Sarah Vann Brooke is an NRCPD registered British Sign Language/English interpreter, an ISO consultant, and ATC Certification auditor specialising in interpreting and quality management.
In this blog, Sarah talks about her background as a child of deaf adults and her journey in becoming a professional interpreter, her experiences on both sides of the camp implementing and auditing ISO standards, and how ISO standards raise the bar for the provision of language services.
Tell us about your background
My first language is British Sign Language, and I’m what you call ‘CODA’, a child of deaf adults. Both my parents are profoundly deaf, and so I have always been at home in the deaf culture – translating, interpreting, and language brokering from a very early age. Before becoming a professional Sign Language Interpreter, I was a communication support worker (CSW) later teaching others to qualify as CSW to work in higher and further education with deaf individuals.
My first experiences with ISO standards were in the deaf-led organisation I was working at, setting up their ISO 9001 quality management system, and then progressing into ISO 27001 for information security management.
Today, I audit language service companies with ATC Certification, support mainly deaf-led organisations with their ISO consultancy needs, and work as a BSL/English interpreter.
From implementing to auditing
Because my ISO journey started not in auditing but in implementing standards, I have been able to bring a lot of my own hard-won insights into my auditing work.
In the deaf-led organisation I was working at, at the time, one of the early challenges we had was that not only did we need to tackle the ISO jargon per se, but also translate the English into British Sign Language. We had to build a lot of new vocabulary that wasn’t out there previously, which was a huge project.
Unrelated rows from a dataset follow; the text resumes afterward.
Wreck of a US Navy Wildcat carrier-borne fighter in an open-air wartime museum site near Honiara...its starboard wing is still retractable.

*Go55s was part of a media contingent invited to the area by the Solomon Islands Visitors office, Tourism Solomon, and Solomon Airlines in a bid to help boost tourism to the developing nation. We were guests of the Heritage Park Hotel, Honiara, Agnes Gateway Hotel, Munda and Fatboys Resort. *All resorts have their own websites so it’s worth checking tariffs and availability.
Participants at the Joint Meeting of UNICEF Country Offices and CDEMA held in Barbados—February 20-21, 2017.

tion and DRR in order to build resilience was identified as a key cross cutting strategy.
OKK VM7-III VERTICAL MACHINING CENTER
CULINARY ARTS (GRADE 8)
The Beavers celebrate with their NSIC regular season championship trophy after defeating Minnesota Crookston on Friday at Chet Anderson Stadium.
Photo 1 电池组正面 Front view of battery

I remember how daunting it was to sit down with an auditor. As an auditor myself now, I try to reassure people that I’m not there to audit them, but the organisation’s processes. A lot of the sensitivity and insights I have today as an auditor stem from my own experiences.
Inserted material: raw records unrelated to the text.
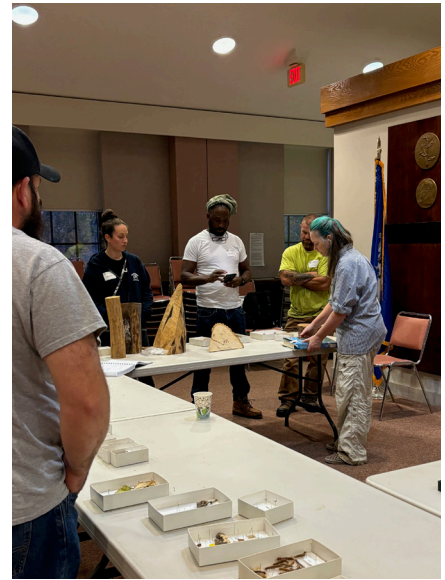
Arboriculture 101 Fall 2024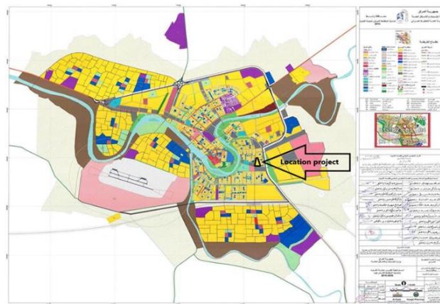
Fig. (2):- The location of the project in relation to the master plan for the city of Kut. Reference: Researcher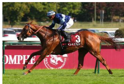
Simca Mille, winner of 2022 Prix Niel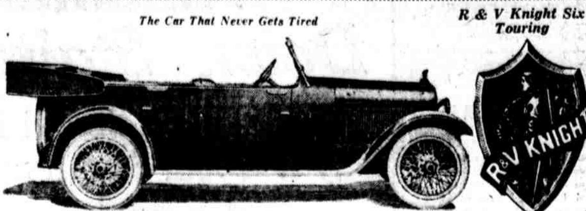
The Car That Never Gets Tired

day efforts were made to get the aged statesman to talk, but all were futile.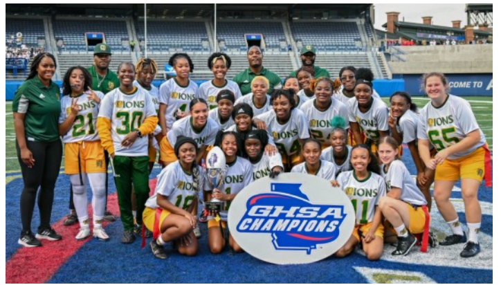
5A-6A: Lithia Springs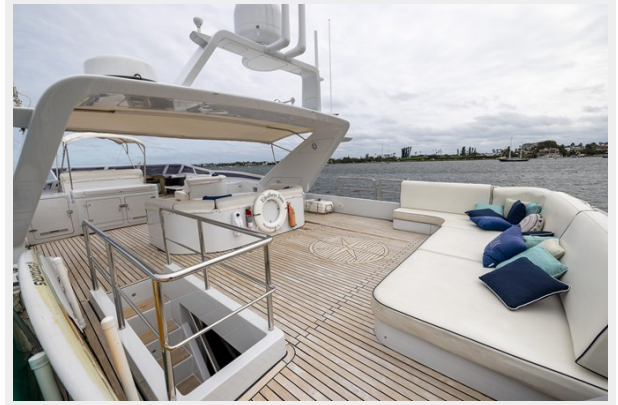
100 Azimut 1999_Tom Robertson_26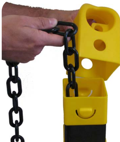
Cap can be removed for chain storage and to add ballast

Sentry Guard Post is a very simple way to add attractive, visible, versatile bollards to your facility. With the many different options available, including colors, finishes, tape and signs, you can create a post that fits your needs.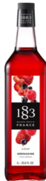
MIXED BERRIES 1883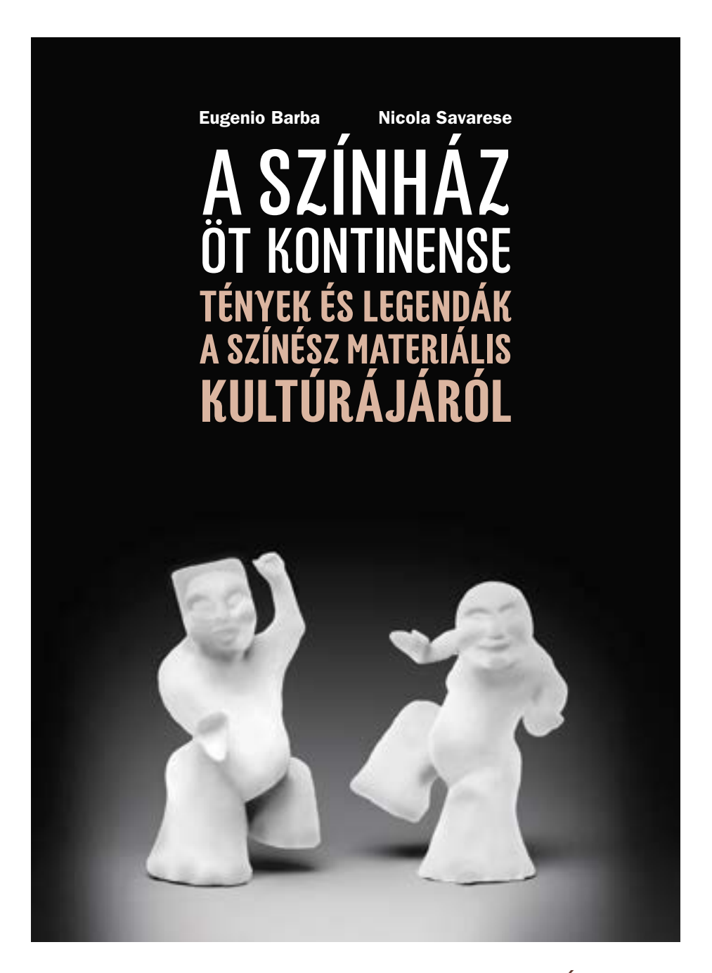
The book can be purchased in The Writer's Bookshop (Írók Boltja)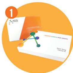
1 Acquire AGS Collection Kit

To gather your unique DNA, the simple and painless test requires only that a cotton swab be rubbed on the inside of your cheek. The sample will be delivered and analyzed in our state-of-the-art laboratory and you will receive your report in approximately two weeks.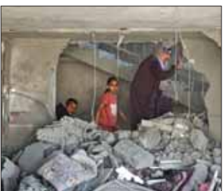
A Palestinian woman and children check the rubble of a building hit by overnight Israeli bombing in Rafah in the southern Gaza Strip yesterday.

Israeli military vehicles massed and bursts of gunfire were heard, while at least three drones were seen hovering above Nur Shams.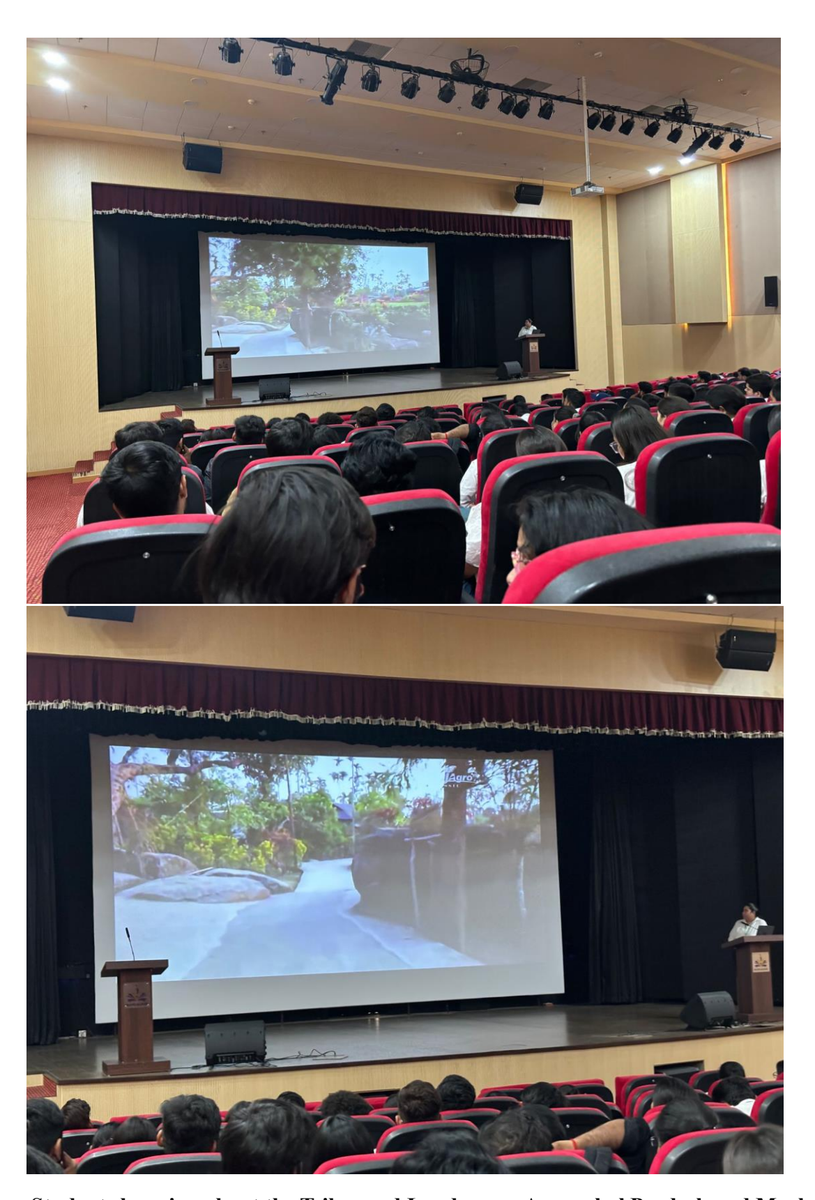
Students learning about the Tribes and Landscapes Arunachal Pradesh and Meghalaya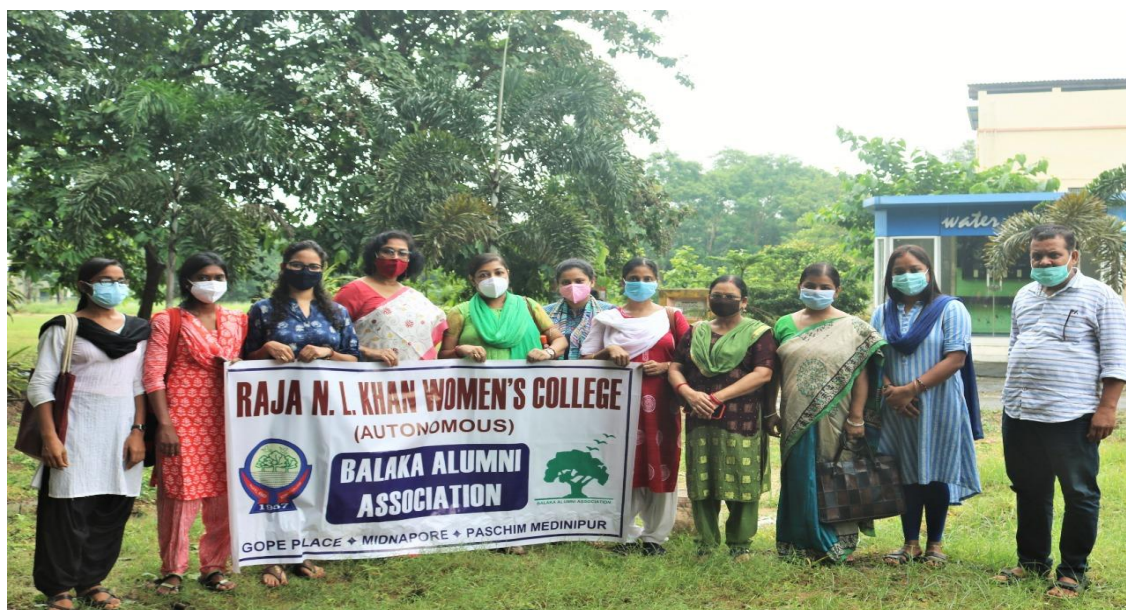
Fig: Tree plantation programme by Balaka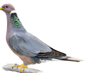
Patagioenas fasciata Paloma collareja Band-tailed Pigeon

Becoming an auditor for ATC Certification has opened up my world further, and I’ve had the privilege of also seeing how language service companies providing spoken language interpreting and translation operate.
Raising the bar with ISO standards
For me, one of the key values of ISO standards is that they define best practices and help raise the bar for the delivery of language services.
In the deaf community, I often come across suspicions around companies specialising in spoken language services also providing British Sign Language interpreting services. The community is concerned about what that means in terms of providing culturally appropriate service, and understanding the requirements of deaf service users.
My perspective is that ISO standards for interpreting encourage language service providers to provide a quality service. ISO 18841 for interpreting services, closely followed by ISO 21998 for healthcare interpreting and ISO 20228 for legal interpreting help language service providers demonstrate that they understand the interpreter’s role and the requirements around providing a considerate service.
ISO standards need to become more accessible to the deaf community, and we need to continue to raise awareness around them. We have a long way to go, but it’s encouraging that on my consulting side with deaf-led organisations, I’m now getting much more interest in the interpreting standards and not just ISO 9001. I won’t rest until I get to conduct my first audit fully in BSL!